◆ Activity ◆
Your copy should match the entries exactly, with the pictures left out.

◆ Data listing ◆
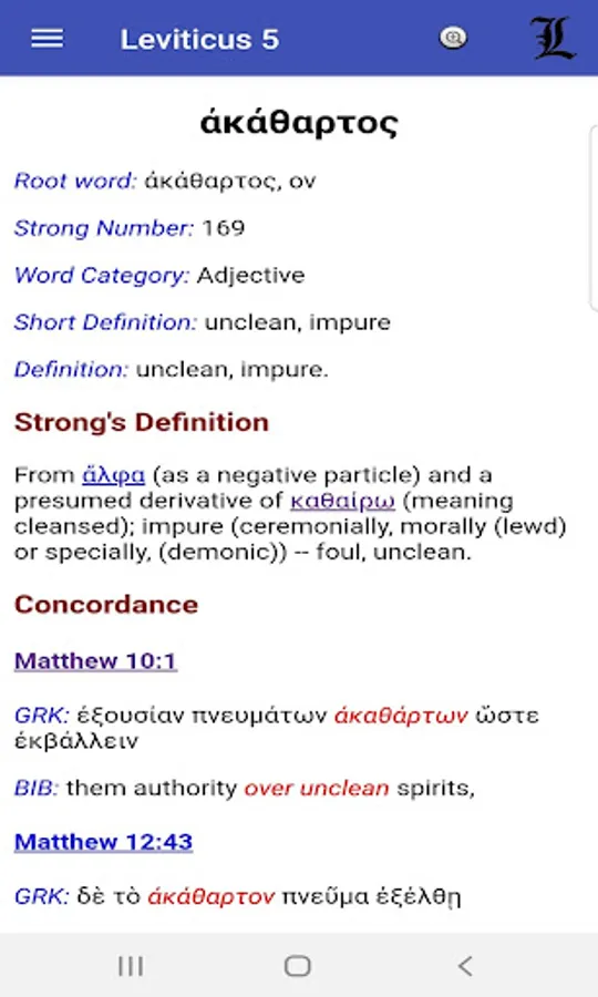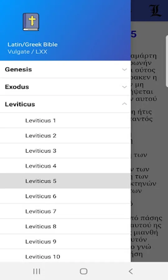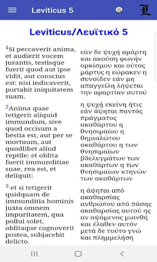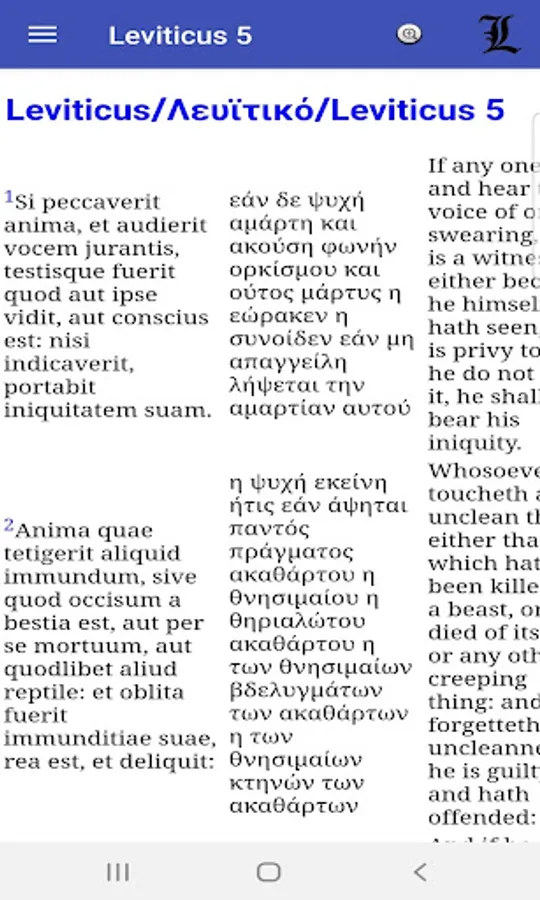 This app presents the Latin Clementine Vulgate alongside the Greek New and Old Testament with an optional English translation. Each Latin and Greek word can be touched to bring up a dictionary definition.
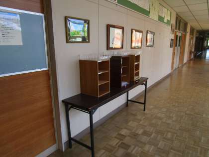 テスト前のため、職員室は入室禁止です。配付物は廊下におかれます。
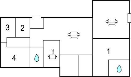Das Ferienhaus ist mit vier guten Schlafzimmern und zwei Bädern ausgestattet. Im offenen Wohnzimmer mit großen Fensterfronten lässt es sich wunderbar am Kamin entspannen. Von hier gelangen Sie auf die Terrasse, die sich hinter dem Haus befindet. Genießen Sie hier die Sonne bei den Mahlzeiten des Tages. In einem Badezimmer befindet sich nur eine Handbrause in der Badewanne.
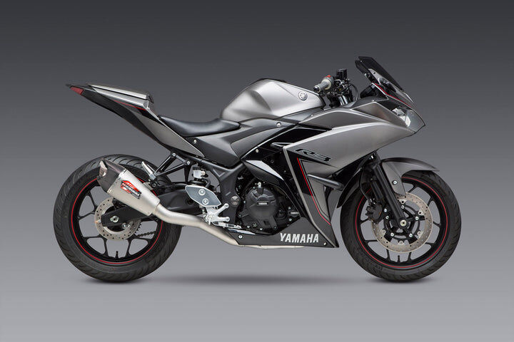 Yamaha R3 is known for its lightweight 320cc parallel twin engine and is a favorite of club racers worldwide. Yoshimura answers the call with our new AT2 Race Series Works Finish full system. The AT2 incorporates our exclusive Works Finish an aggressively styled matte finish carbon fiber end cap complimented by a facet-formed formed tip.
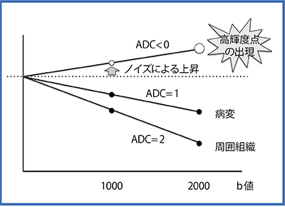b=1000において,ノイズが乗ることによりb=0よりも信号強度が高くなると,ADCは「負」となる(このグラフの線が右上がりとなる)。このため,cDWIでより高いb値の信号強度を計算すると,より高輝度を生じてしまう。
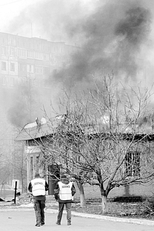 1月24日,在马里乌波尔,欧安组织成员察看遭火箭弹袭击的现场。
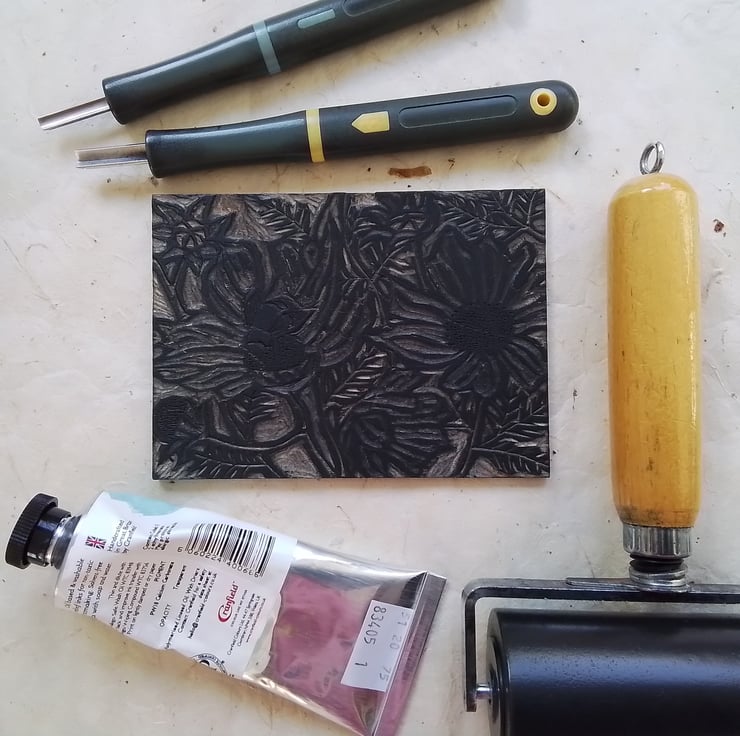 Woodcuts are sold unframed, and sent in a card-backed recyclable clear protective sleeve, packaged with more cardboard.

◆ Reply to the exercise ◆
 This app presents the Latin Clementine Vulgate alongside the Greek New and Old Testament with an optional English translation. Each Latin and Greek word can be touched to bring up a dictionary definition.
 テスト前のため、職員室は入室禁止です。配付物は廊下におかれます。
Das Ferienhaus ist mit vier guten Schlafzimmern und zwei Bädern ausgestattet. Im offenen Wohnzimmer mit großen Fensterfronten lässt es sich wunderbar am Kamin entspannen. Von hier gelangen Sie auf die Terrasse, die sich hinter dem Haus befindet. Genießen Sie hier die Sonne bei den Mahlzeiten des Tages. In einem Badezimmer befindet sich nur eine Handbrause in der Badewanne.
 Yamaha R3 is known for its lightweight 320cc parallel twin engine and is a favorite of club racers worldwide. Yoshimura answers the call with our new AT2 Race Series Works Finish full system. The AT2 incorporates our exclusive Works Finish an aggressively styled matte finish carbon fiber end cap complimented by a facet-formed formed tip.
b=1000において,ノイズが乗ることによりb=0よりも信号強度が高くなると,ADCは「負」となる(このグラフの線が右上がりとなる)。このため,cDWIでより高いb値の信号強度を計算すると,より高輝度を生じてしまう。
 1月24日,在马里乌波尔,欧安组织成员察看遭火箭弹袭击的现场。
 Woodcuts are sold unframed, and sent in a card-backed recyclable clear protective sleeve, packaged with more cardboard.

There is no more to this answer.